В субботу после обеда Анастасиевский сквер был пустынен и тих. Гомон детворы из детского парка сюда почти что не долетал. Впрочем, и детворы-то было, как говорится, кот наплакал — так, десятка полтора-два карапузов с сонными бабульками. Отсюда, с горки от Анастасиевской церкви, все они хорошо просматривались: и маленькие, неутомимо снующие от качелей к карусели, детские фигурки, и их grands-mamans, клюющие носами на скамейках. Но старик и юноша, стоящие сейчас возле высокого церковного крыльца совсем не смотрели по сторонам поскольку были увлечены разговором. Они подошли сюда минут пять назад и если бы кто-то проследил их путь, то безусловно выяснилось бы, что давеча только вышли они из отстоящего недалече храма Архангела Михаила, в котором усердно отстояли службу. Потом, купив в булочной нарезной батон, они неспешно проследовали в эту часть парка, где в сей момент и находились.
— Ну, послушай, дед, — говорил юноша, нервно отщипывая от батона и отправляя кусочки в рот, — сколько же сегодня было прихожан? Двадцать, от силы тридцать. Так?
— Так, — ответил старик, жестом отказываясь от любезно протянутого ему внуком угощения, — и что же?
— А то, — проглатывая кусок покрупней, юноша двинул вперед подбородком, — в нашем, не самом маленьком храме — тридцать, в соборе — сорок, в храме Александра Невского — сто. В общем на весь город — не более пятисот прихожан. Это лишь четверть процента от числа горожан, дед! А ты говоришь — мы третий Рим! Да где там…
Медленным шагом они двинулись в сторону своей заветной скамеечки, где по большей части и происходили самые главные их беседы. Теперь там сидел какой-то человек: худой, с седой шевелюрой и такой же совершенно седой бородой. Рядом, опертый на скамейку, стоял костылик. Человек склонил голову на грудь и, кажется, дремал. Скользнув по нему взглядом, юноша нахмурился, но старик указал рукой на свободную часть скамьи:
— Садись внук, место предостаточно. Так вот, это не я говорю, это блаженной памяти старец Филофей, это его слова: “Два убо Рима падоша, а третий стоит, а четвертому не быти”. И я считаю эту формулу весьма справедливой. Захлестнуло житейское море весь мир и все прибывает вода, но незыблемо стоят островки Православия. У нас только и стоят, все прочее уже залило. Но пока стоят они — будет стоять наша Россия. Помнишь, что сказал преподобный Серафим Саровский? “За Православие Господь помилует Россию”. Вот так — за Православие! И весь мир будет стоять, как за якорь держась за Россию.
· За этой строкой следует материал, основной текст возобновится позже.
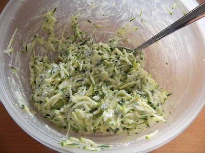 Lavare, spuntare e grattugiare le zucchine, lasciare colare l’acqua per 30 minuti. Mettere le zucchine in una ciotola, aggiungere la ricotta,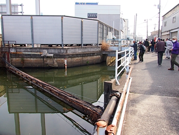 舟入番所跡を横目に大山樋門・大山ポンプ場≠ヨと向かいます。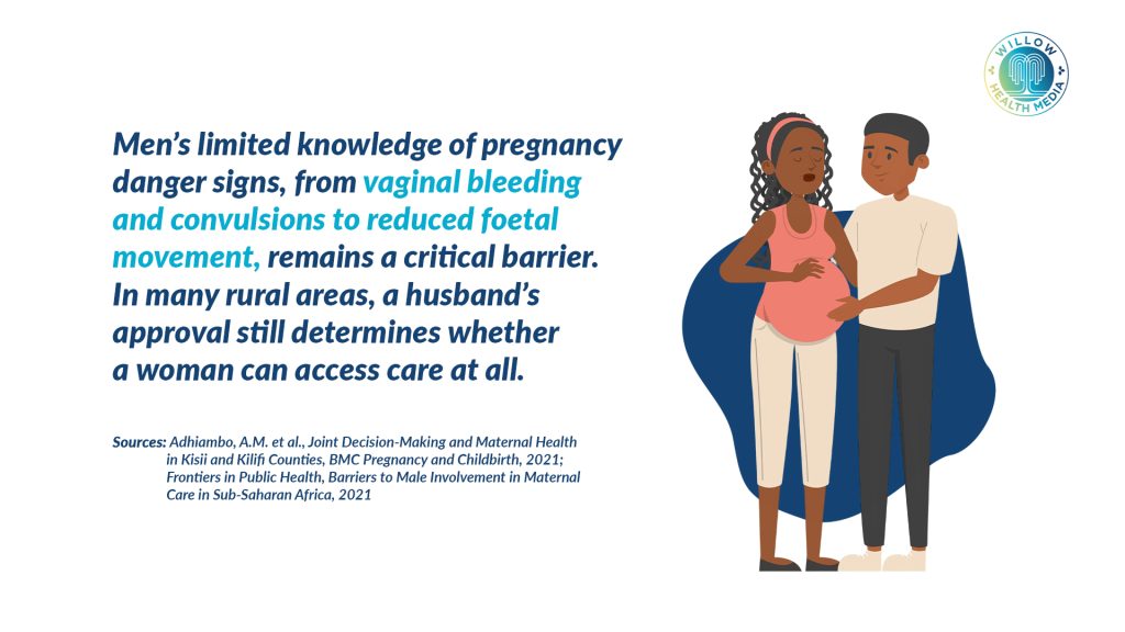 A 2021 study in Frontiers in Public Health found that men’s low awareness of pregnancy danger signs is a major barrier. These signs include vaginal bleeding, convulsions, severe headaches with blurred vision, high fever, severe abdominal pain, fast or difficult breathing, and reduced foetal movement. The research showed men often prioritise breadwinning over health activities they perceive as women’s work.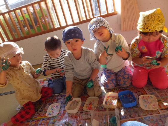 ☆ おひさま原っぱのクリスマスは12月24日。ことしもサンタクロースのところから小人たちが来て、こどもたちの行状をチェックしているらしいです。赤いノートと黒いノート、さてどっちのノートに名前が載っているのやら!年齢に応じて、クリスマスの制作に取り組むのも今の時期。2才児クラスのこどもたちが作っているのは、紙粘土のお団子型クリスマスツリー,お手手は河童のそれのように、すっかり緑にそまっていました。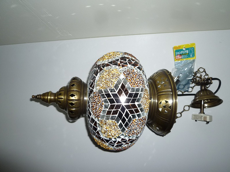 豪華で美麗なあかりを、あなたのお部屋に!古くからトルコに伝わる、伝統のデザイン、モザイクタイルを手作業で施したハンドメイド。そしてこのリーズナブルなプライス、どれをとっても大満足!お隣に差がつく、世界に1つの逸品です。ランプの付け方について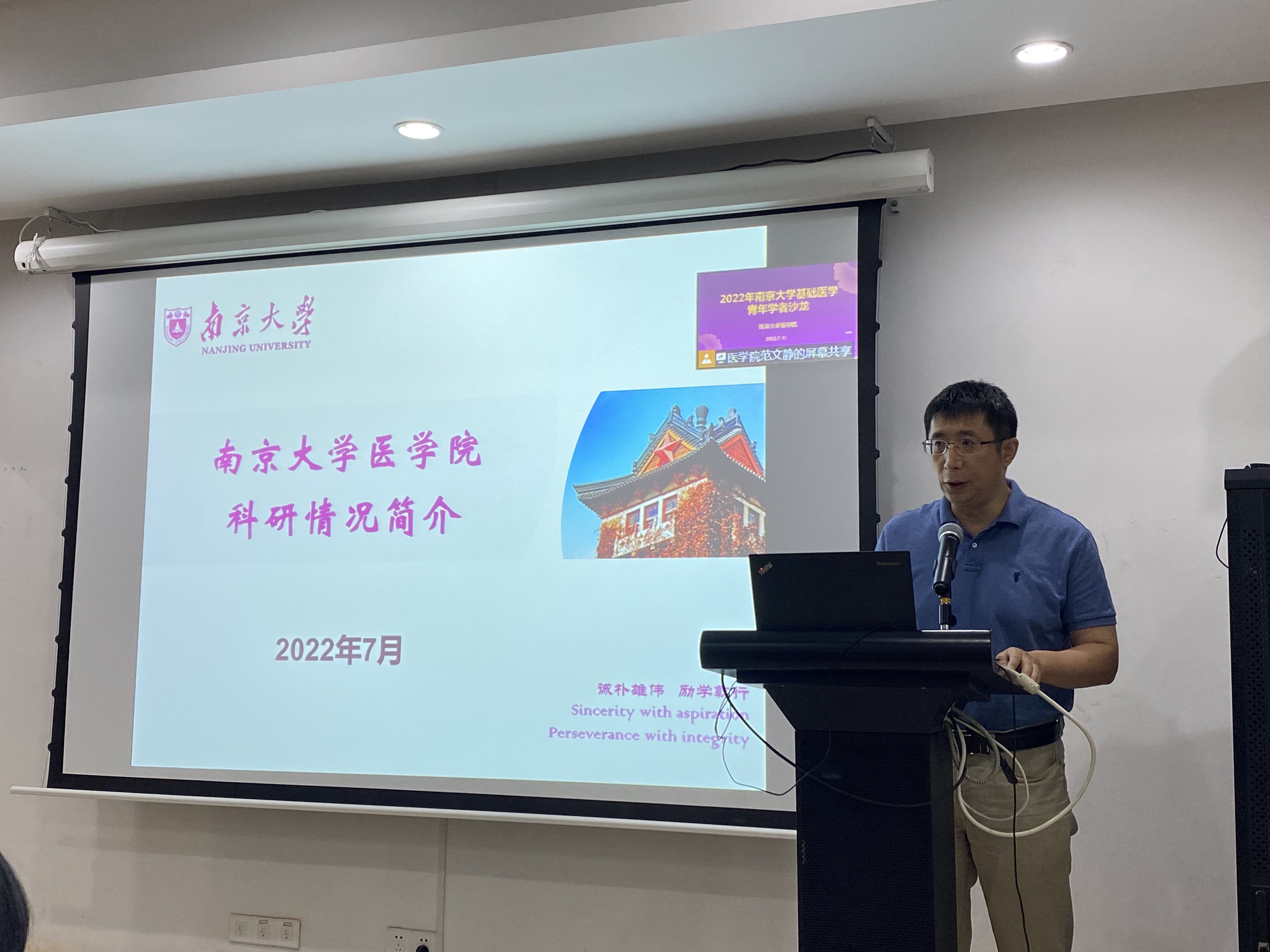 The “2022 Nanjing University Basic Medical Science Young Scholars Salon” was successfully held at the Gulou Campus of Nanjing University Medical School on July 11th, 2022. Over 180 teachers and students from the Department of Basic Medicine and the Model Animal Research Centerattended the event. Vice Dean Jiang Qing presided over the opening ceremony and delivered a remark. Vice Dean Wang Hongwei gave a general report on scientific research achievements of the School for the first half of 2022. Vice Dean Wang Tingting participated and hosted the conference report session.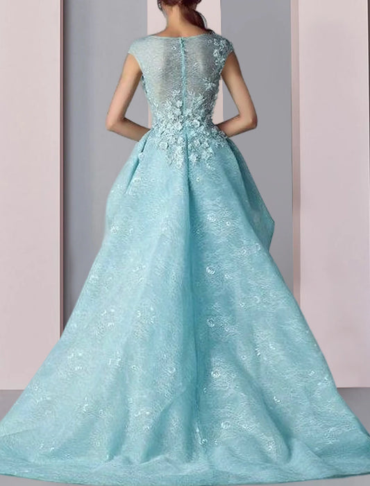 Sheath / Column Mother of the Bride Dress Formal Wedding Guest Party Elegant Scoop Neck Floor Length Lace Short Sleeve with Ruffles Appliques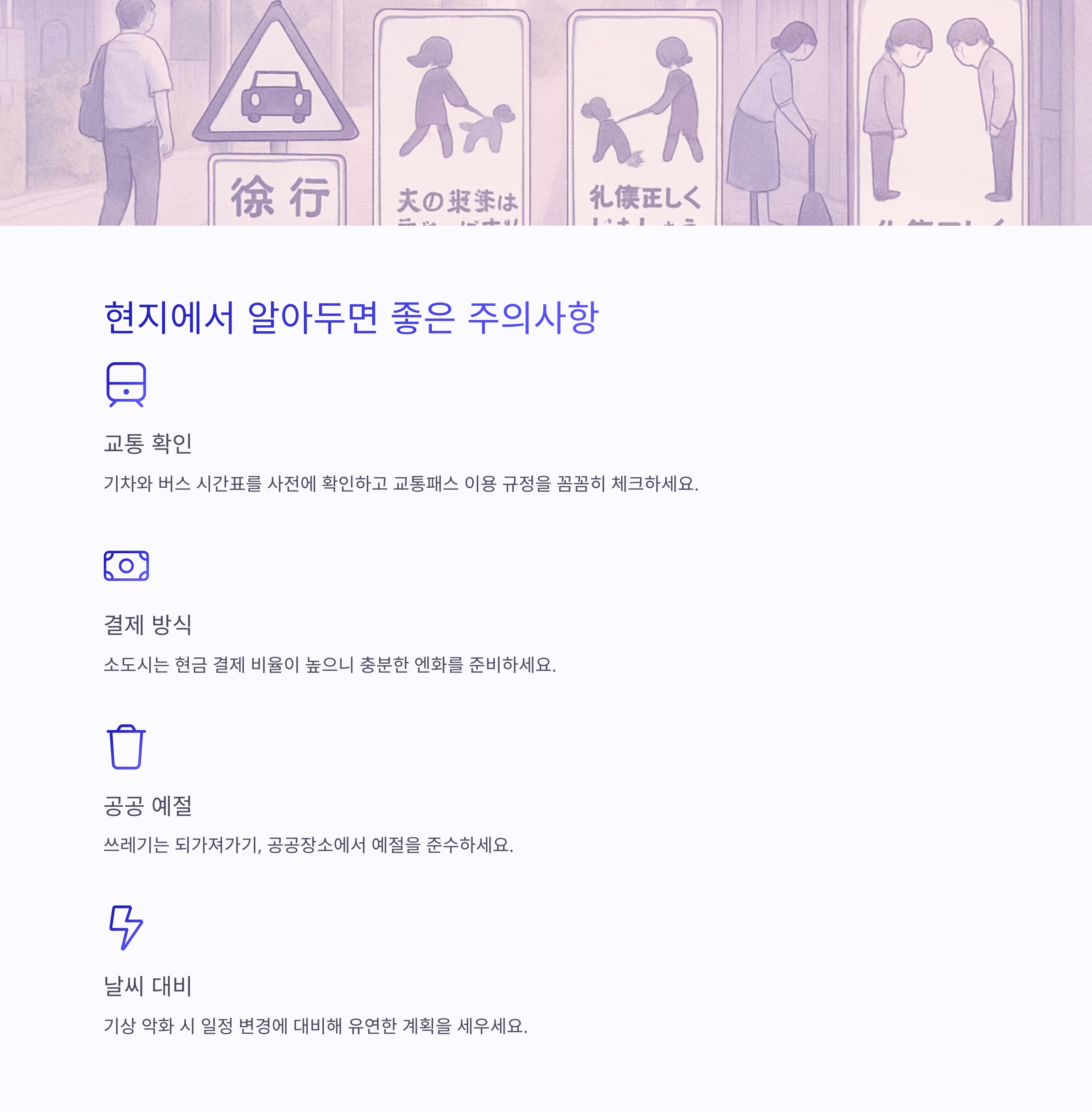 주의사항을 데이터 기반으로 정리했습니다. 일본 소도시 감성

Правда, не желает он этого понимать, беда это его, но тут уж ни куда не денешься. Наш это подвиг — держать мир. Наш! А то, что стадо малое, так это и Христос когда еще говорил. “Не бойся малое стадо!” Малое! А ты говоришь четверть процента. И потом, плохо ты знаешь свой народ. Его лишь всколыхни и завтра наполнятся все храмы, вера не исчезла, она дремлет и ждет пробуждения. Вот, может быть, на грядущую Пасху и оживит Воскресший Господь чью-то уснувшую душу?
— Да нет, дед, — в запальчивости махнул рукой внук, — это ты не знаешь сегодняшних людей, особенно молодежь. Ни чем их не проймешь и не разбудишь. Не желают они спасаться и не будут. Не возможно это…
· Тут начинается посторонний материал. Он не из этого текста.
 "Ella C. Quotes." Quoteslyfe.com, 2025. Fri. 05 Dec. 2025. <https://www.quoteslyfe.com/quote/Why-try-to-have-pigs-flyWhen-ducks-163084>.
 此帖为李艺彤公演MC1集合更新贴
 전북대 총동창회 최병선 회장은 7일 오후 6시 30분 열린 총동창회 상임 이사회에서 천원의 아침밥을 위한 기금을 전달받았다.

Но тут вдруг поднял голову дремавший седоголовый человек и совсем тихо, почти что шепотом, сказал:
— Спастись еще возможно…
Сказал тихо, но его хорошо услышали и старик и юноша. Оба они одновременно подумали, что будто бы уже видели где-то это лицо, но… не вспомнили — ни тот, ни другой.
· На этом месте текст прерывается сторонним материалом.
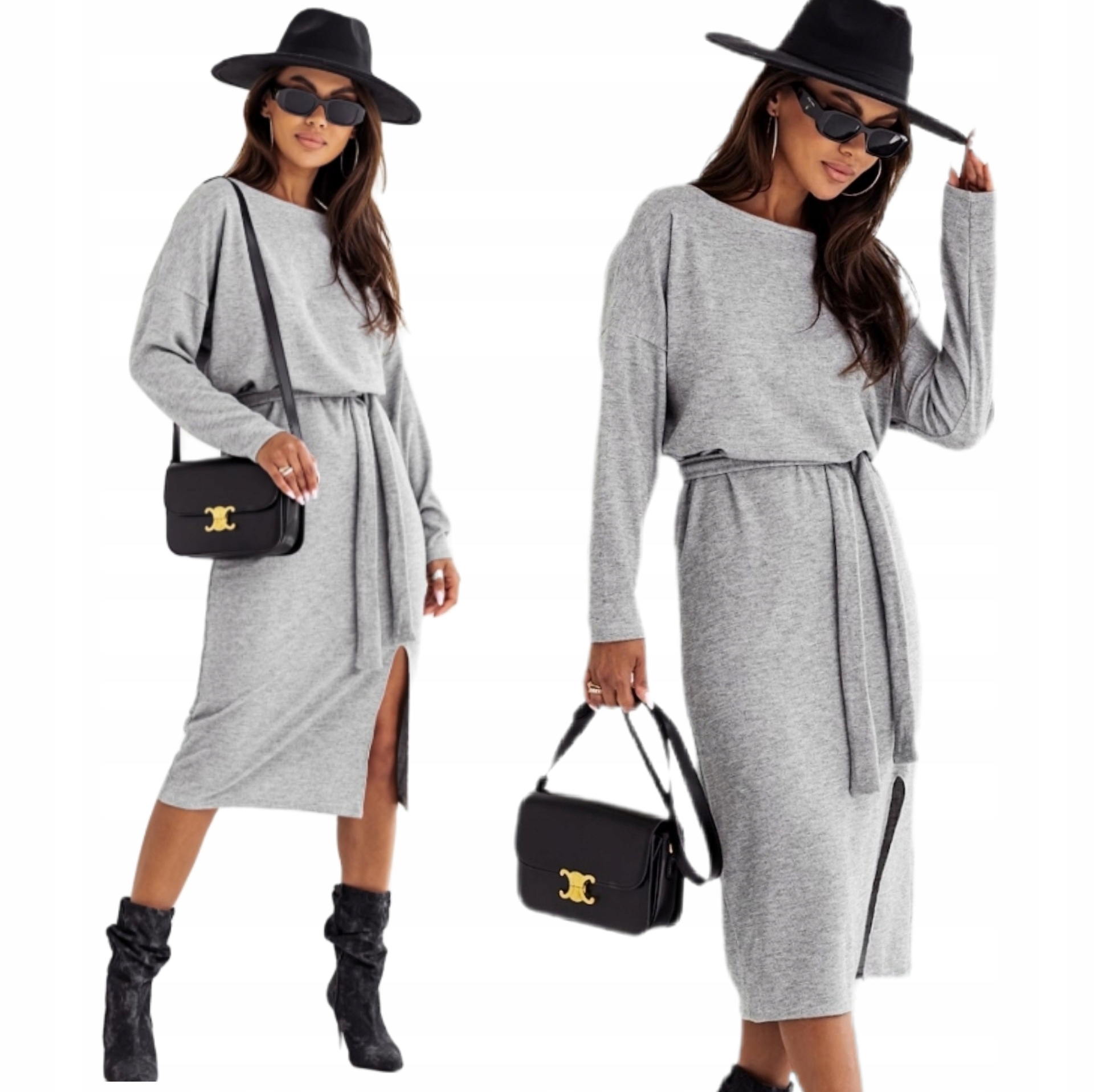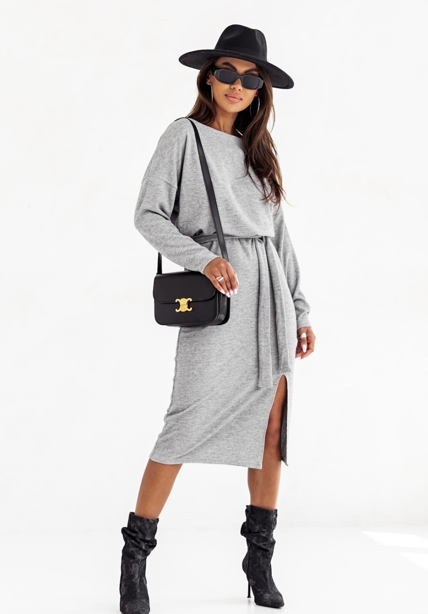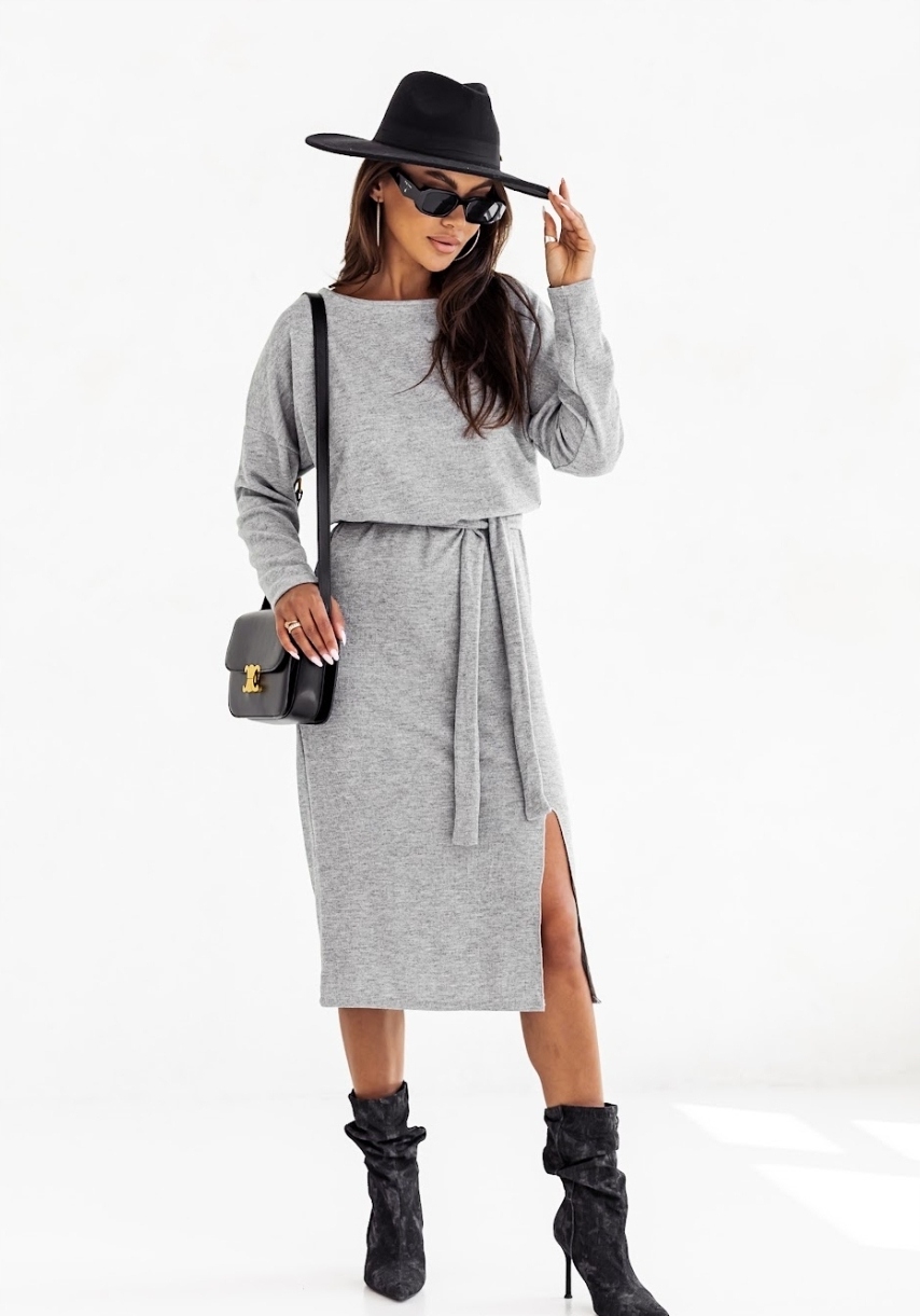 Model | PIĘKNA SWETERKOWA CIEPŁA SUKIENKA Z WIĄZANIEM MIDI |

— Простите, что вы сказали? — переспросил старик.
— Спастись возможно всем, — еще раз повторил, впрочем, чуть уклонившись от прежних слов, странный человек, и поднялся со скамьи.
Опираясь на костылик и чуть прихрамывая, он медленно пошел по аллейке к выходу на проспект и вскоре совсем исчез из виду. А дед и внук, молчаливо застывшие на скамейке, все еще будто бы слышали эти его слова, витающие в воздухе, как три маленьких кружевных облака: “Спастись… возможно… всем…”.